Beyond kable(), the gt package creates highly customizable HTML/LaTeX tables, and flextable is the best option for Word output.

library(gt)

# Publication-quality table with gt
mtcars |>
  dplyr::group_by(cyl) |>
  dplyr::summarize(
    n = dplyr::n(),
    avg_mpg = mean(mpg),
    sd_mpg = sd(mpg),
    avg_hp = mean(hp)
  ) |>
  gt() |>
  tab_header(
    title = "Vehicle Performance by Cylinder Count",
    subtitle = "Data from mtcars dataset"
  ) |>
  fmt_number(columns = c(avg_mpg, sd_mpg, avg_hp), decimals = 1) |>
  cols_label(
    cyl = "Cylinders", n = "N",
    avg_mpg = "Mean MPG", sd_mpg = "SD MPG", avg_hp = "Mean HP"
  ) |>
  tab_source_note("Source: Motor Trend, 1974")

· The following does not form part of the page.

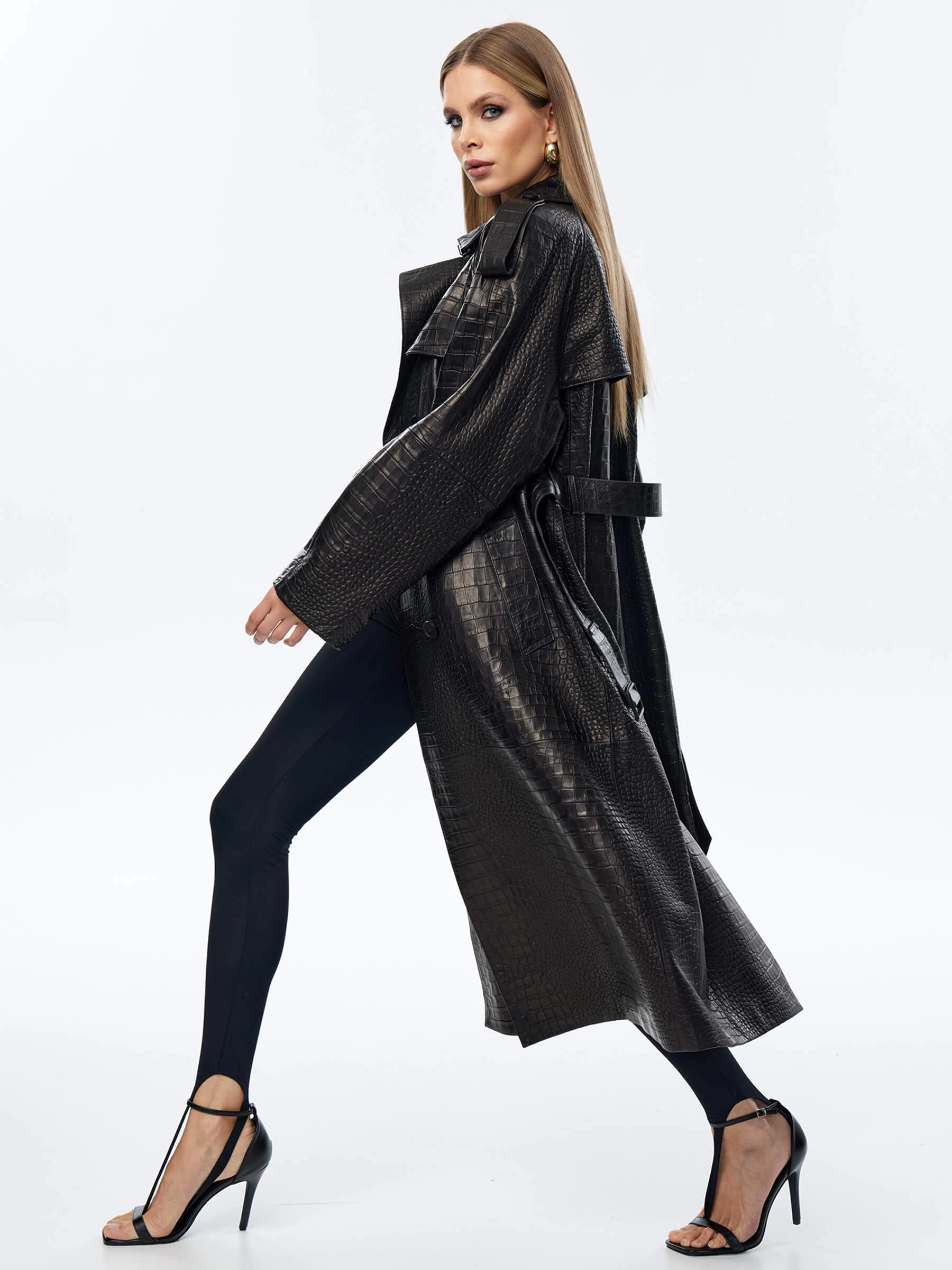 Товар длинный женский кожаный плащ с принтом под крокодила премиум класса 3071, черный, размер 54, артикул 23870 выполнен из натуральной кожи с застежкой пуговицы. Рассчитан на сезон: весна-осень. Длина изделия 120 см, силуэт свободный.

# Save as Word-compatible table with flextable
library(flextable)

ft <- mtcars |>
  dplyr::slice_head(n = 5) |>
  dplyr::select(mpg, cyl, hp, wt) |>
  flextable() |>
  set_header_labels(mpg = "MPG", cyl = "Cylinders",
                     hp = "Horsepower", wt = "Weight") |>
  theme_vanilla() |>
  autofit()

# Render in R Markdown/Quarto or save directly:
# save_as_docx(ft, path = "table.docx")
gt vs. flextable vs. kableExtra gt excels at HTML and LaTeX output with a grammar-of-tables philosophy. flextable is the best choice when your primary output is Word (.docx), as it renders natively in Word documents. kableExtra extends kable() with styling options and works well for quick HTML/LaTeX tables.

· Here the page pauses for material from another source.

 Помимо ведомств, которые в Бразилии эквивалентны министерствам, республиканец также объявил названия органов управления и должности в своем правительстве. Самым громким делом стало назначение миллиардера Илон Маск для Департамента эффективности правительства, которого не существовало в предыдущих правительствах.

9.15 Tables in R Markdown/Quarto

# Simple kable table
library(knitr)
kable(head(mtcars, 5), caption = "First 5 cars")

# Styled table with kableExtra
library(kableExtra)
kable(head(mtcars, 5)) |>
  kable_styling(bootstrap_options = c("striped", "hover"))

Exercises

Exercise 9.1

Create an R Markdown document that loads the palmerpenguins dataset, produces a summary table grouped by species (using kable()), and includes a scatterplot of bill length vs. bill depth. Render it to HTML with a table of contents.

Exercise 9.2

Convert your R Markdown file from Exercise 9.1 to a Quarto .qmd file. Use the #| chunk option syntax and add a figure caption with cross-referencing (@fig-scatter). Render to both HTML and PDF.

Exercise 9.3

Create a parameterized R Markdown report that takes a species parameter (default: "Adelie"). The report should filter the palmerpenguins dataset to that species, show a summary table using gt, and include a histogram of body mass. Render the report three times, once for each species, producing three separate HTML files.

Exercise 9.4

Build a Quarto revealjs presentation about the mtcars dataset. Include at least 4 slides: (1) a title slide, (2) a slide with a summary table, (3) a slide with a ggplot scatter plot using cross-referencing, and (4) a slide with incremental bullet points summarizing key findings. Use the moon theme and add slide numbers.